We calculate the accessibility values in two passes. In the first pass, we approximate the accessibility for each element by summing the fraction of the hemisphere subtended by every other element and subtracting the result from 1. After the first pass, some elements will generally be too dark because other elements that are in shadow are themselves casting shadows. So we use a second pass to do the same calculation, but this time we multiply each form factor by the emitter element's accessibility from the last pass. The effect is that elements that are in shadow will cast fewer shadows on other elements, as illustrated in Figure 14-4. After the second pass, we have removed any double shadowing. However, surfaces that are triple shadowed or more will end up being too light. We can use more passes to get a better approximation, but we can approximate the same answer by using a weighted average of the combined results of the first and second passes. Figure 14-5 shows the results after each pass, as well as a ray-traced solution for comparison. The bent normal calculation is done during the second pass. We compute the bent normal by first multiplying the normalized vector between elements and the form factor. Then we subtract this result from the original element normal.

Figure 14-4 Correcting for Occlusion by Overlapping Objects

Figure 14-5 Comparing Models Rendered with Our Technique to Reference Images

We calculate the occlusion result by rendering a single quad (or two triangles) so that one pixel is rendered for each surface element. The shader calculates the amount of shadow received at each element and writes it as the alpha component of the color of the pixel. The results are rendered to a texture map so the second pass can be performed with another render. In this pass, the bent normal is calculated and written as the RGB value of the color with a new shadow value that is written in the alpha component.
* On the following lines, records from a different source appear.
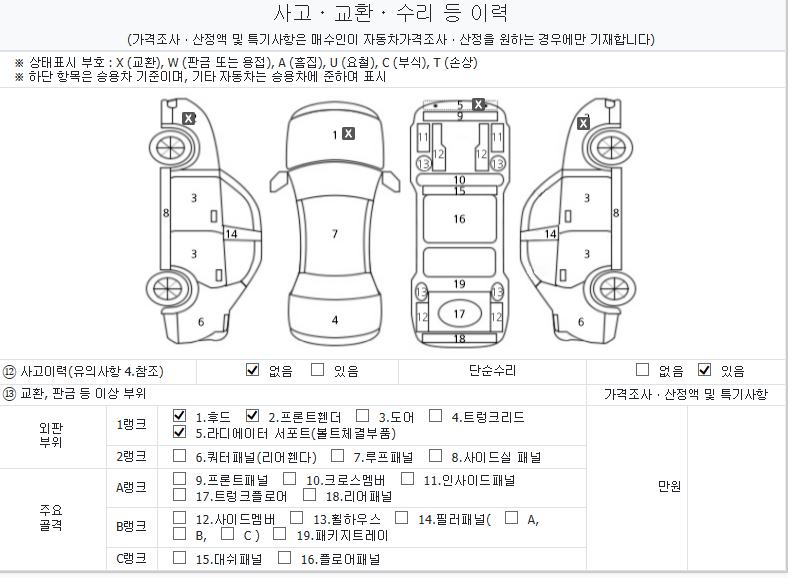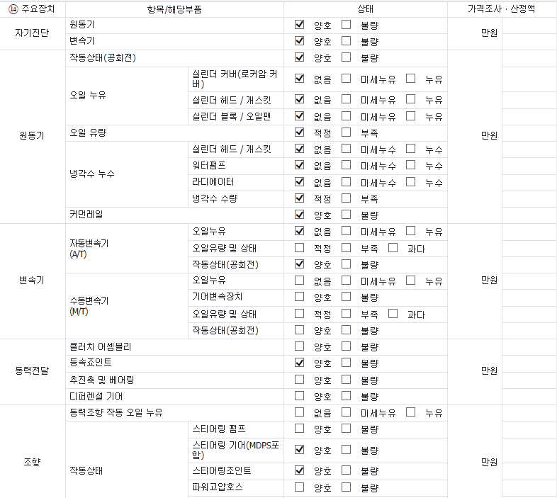 간혹 가다가 중고차를 구입하는 사이트 같은 곳을 보시면 성능점검기록부를 업로드 안한 곳들이 많아서 불안불안 하시는 분들이 많으신데요, 창원중고차 한우카 같은 경우 모든 차에 성능점검기록부, 보험이력을 조회할 수가 있어서 정말 좋았답니다. 요건 더 뉴 쏘렌토 중고차의 성능점검기록부인데요, 관심이 있으신 분들께서는 하나하나 꼼꼼히 살펴보시면 좋으실 거 같아요 !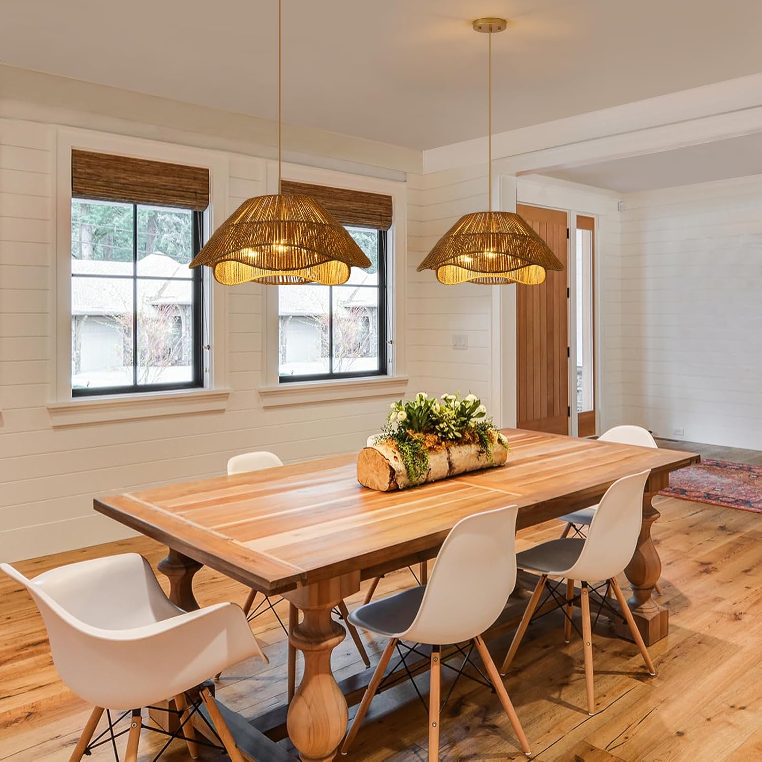 - 【Wide Applications】Rattan pendant light fixture exudes natural charm and is perfect for boho and rustic décor, creating a cosy and welcoming atmosphere, perfect for dining room, kitchen island, living room, bedroom, entryway or hallway, etc.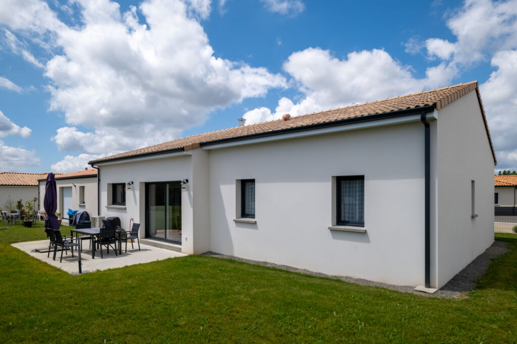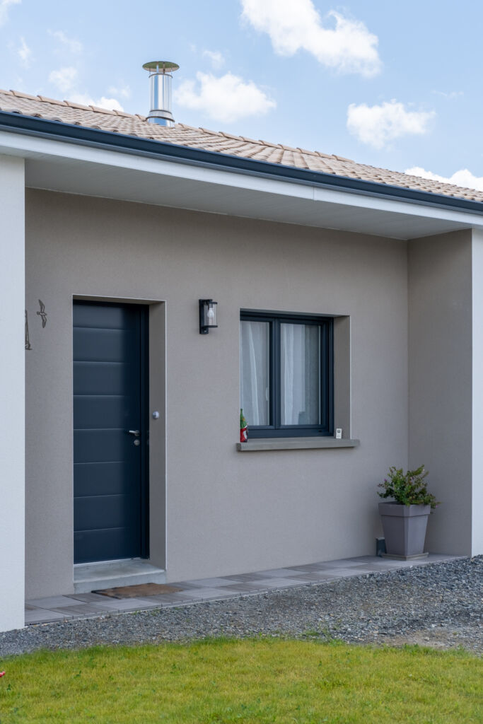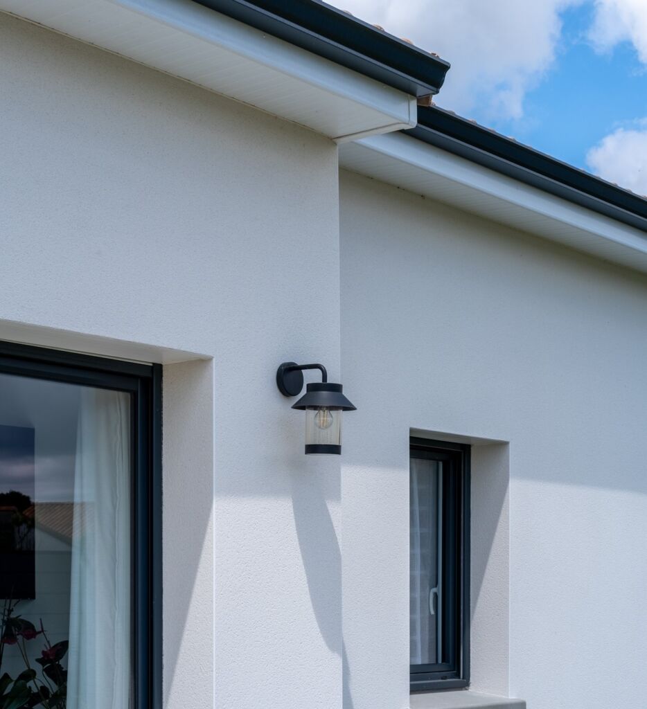 L’architecture traditionnelle de cette maison est sublimée par une toiture en tuiles et un ravalement blanc. La touche de couleur taupe dans le renfoncement de l’entrée principale ajoute une note contemporaine et distingue visuellement la maison dans le lotissement. »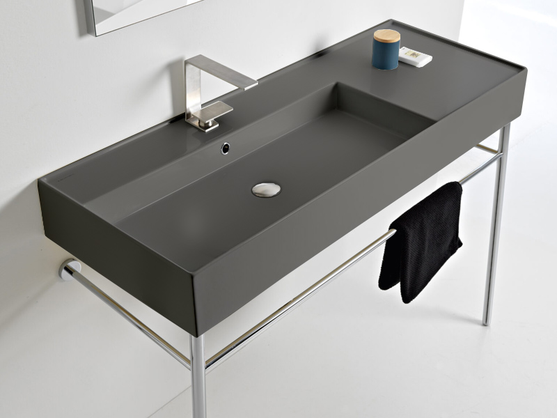 SCARABEO TEOREMA 2.0 5121 Раковина накладная или подвесная чаша слева, одно отверстие под смеситель, с сливом - переливом. Размеры: 121x46x14h см. Настенные крепления и перелив входят в комплект. Цвет Tobacco.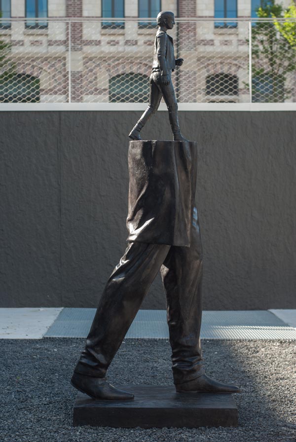 Nous voici devant l’étrange association de deux corps humains, ou plutôt d’une figure féminine (en bronze) prenant comme socle un tronc masculin (en béton). Leurs grandes enjambées forment des diagonales symétriques qui se répondent, et toute la sculpture respire le dynamisme.

Even though the element-to-element shadow calculation is very fast (a GeForce 6800 can do 150 million of these
calculations per second), we need to improve our algorithm to work on more than a couple of thousand elements in
real time. We can reduce the amount of work by using simplified geometry for distant surfaces. This approach
works well for diffuse lighting environments because the shadows are so soft that those cast by details in
distant geometry are not visible. Fortunately, because we do not use the polygons themselves in our technique,
we can create surface elements to represent simplified geometry without needing to create alternate polygonal
models. We simply group elements whose vertices are neighbors in the original mesh and represent them with a
single, larger element. We can do the same thing with the larger elements, creating fewer and even larger
elements, forming a hierarchy. Now instead of traversing every single element for each pixel we render, we
traverse the hierarchy of elements. If the receiver element is far enough away from the emitter—say, four times
the radius of the emitter—we use it for our calculation. Only if the receiver is close to an emitter do we need
to traverse its children (if it has any). See Figure 14-6. By traversing a hierarchy in this way, we can improve
the performance of our algorithm from *O*(*n* ^{2}) to *O*(*n* log
*n*) in practice. The chart in Figure 14-7 shows that the performance per vertex stays consistent as the
number of vertices in the hierarchy increases.

Figure 14-6 Hierarchical Elements

Figure 14-7 Ambient Occlusion Shader Performance for Meshes of Different Densities

We calculate a parent element's data using its direct descendants in the hierarchy. We calculate the position and normal of a parent element by averaging the positions and normals of its children. We calculate its area as the sum of its children's areas. We can use a shader for these calculations by making one pass of the shader for each level in the hierarchy, propagating the values from the leaf nodes up. We can then use the same technique to average the results of an occlusion pass that are needed for a following pass or simply treat parent nodes the same as children and avoid the averaging step. It is worth noting that the area of most animated elements varies little, if at all, even for nonrigid objects; therefore, the area does not have to be recalculated for each frame.

The ambient occlusion fragment shader appears in Listing 14-1.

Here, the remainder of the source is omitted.